Create an OpenAI connection in the backoffice with your API key. See [Managing Connections](/ai-in-umbraco/backoffice/managing-connections.md).

### 3. Create a Profile

Create a profile with the **Speech-to-Text** capability. Supported models include:

| Model                    | Description                   |
| ------------------------ | ----------------------------- |
| `whisper-1`              | General-purpose transcription |
| `gpt-4o-transcribe`      | Higher accuracy transcription |
| `gpt-4o-mini-transcribe` | Cost-effective transcription  |

## Copilot Voice Input

The Agent Copilot includes a built-in voice input button. When a Speech-to-Text profile is configured, a microphone button appears in the Copilot chat input. Click it to record and transcribe audio into text.
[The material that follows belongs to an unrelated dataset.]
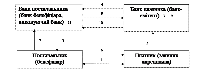 Рисунок 2.4 – Розрахунки з використанням розрахункового чека У заяві й талоні до неї чекодавець проставляє номер рахунка, з якого сплачуватимуться чеки. Гарантована оплата чеків забезпечується депонуванням коштів на окремому рахунку «Розрахунки чеками». Для цього разом із заявою на видачу чекової книжки в банк подається платіжне доручення на перерахування коштів на аналітичний рахунок «Розрахунки чеками». Покриттям чека в установі банку можуть бути також кошти на відповідному рахунку чекодавця, але не більше суми, яка гарантується банком за узгодженням із чекодавцем. В останньому випадку банк може гарантувати чекодавцю, при тимчасовій відсутності коштів на його рахунку, сплату за чеками за рахунок коштів банку. Чекотримач здає в банк чеки разом із трьома примірниками реєстрів - якщо рахунки чекодавця і чекотримача ведуться в одній установі банку, й у чотирьох примірниках (на кожну установу банку окремо) - якщо рахунки чекодавця і чекотримача ведуться в різних установах банків. Реєстр вміщує повну інформацію про чеки, що надходять до установи банку. Якщо чекодавець і чекотримач обслуговуються в одній установі банку, після перевірки правильності складання реквізитів чека і реєстру кошти списуються з відповідного рахунка чекодавця та зараховуються на рахунок чекотримача на підставі першого примірника реєстру. Для здійснення розрахунків чеками між клієнтами різних банків банк чекотримача зобов'язаний прийняти чек із реєстром та разом із другим та третім примірниками реєстру інкасувати чек спецзв'язком до банку-емітента. У цьому випадку кошти на рахунок чекотримача зараховуються тільки після отримання їх із банку-емітента. Після отримання чека разом із двома примірниками реєстру банк-емітент перевіряє правильність оформлення чека та ін. і перераховує кошти на рахунок чекотримача. Акредитив - це форма розрахунків, при якій банк-емітент за дорученням свого клієнта (заявника акредитива) зобов'язаний: - виконати платіж третій особі (бенефіціару) за поставлені товари, виконані роботи й надані послуги; - надати повноваження іншому (виконуючому) банкові здійснити цю оплату. При розрахунках акредитивами виникають економічні відносини між чотирма суб'єктами: - заявник акредитива - платник, який звернувся до банку, що його обслуговує, для відкриття акредитива; - банк-емітент - банк платника, що відкриває акредитив своєму клієнтові; - бенефіціар - юридична особа, на користь якої виставлений акредитив (продавець, виконавець робіт або послуг тощо); - виконуючий банк - банк бенефіціара або інший банк, що за дорученням банку-емітента виконує акредитив. Умови та порядок проведення акредитивної форми розрахунків передбачаються у договорі між бенефіціаром і заявником акредитива. Банк-емітент може відкривати такі види акредитивів: а) покритий - акредитив, при якому для здійснення платежів завчасно бронюються кошти платника в повній сумі на окремому рахунку в банку-емітенті або виконуючому банку; б) непокритий - акредитив, оплата за яким у разі тимчасової відсутності коштів на рахунку платника гарантується банком-емітентом за рахунок банківського кредиту. Акредитиви бувають відкличні і безвідкличні. Відкличний акредитив - акредитив, який може бути змінений або анульований банком-емітентом без попереднього погодження з бенефіціар

See [Copilot Usage](/ai-in-umbraco/add-ons/agent-copilot/copilot.md) for more details.

## Related

* [Capabilities](/ai-in-umbraco/concepts/capabilities.md) - Available capability types
* [OpenAI Provider](/ai-in-umbraco/providers/openai.md) - Provider with Speech-to-Text support
* [Copilot Usage](/ai-in-umbraco/add-ons/agent-copilot/copilot.md) - Voice input in the Copilot


---

# Agent Instructions: Querying This Documentation

If you need additional information that is not directly available in this page, you can query the documentation dynamically by asking a question.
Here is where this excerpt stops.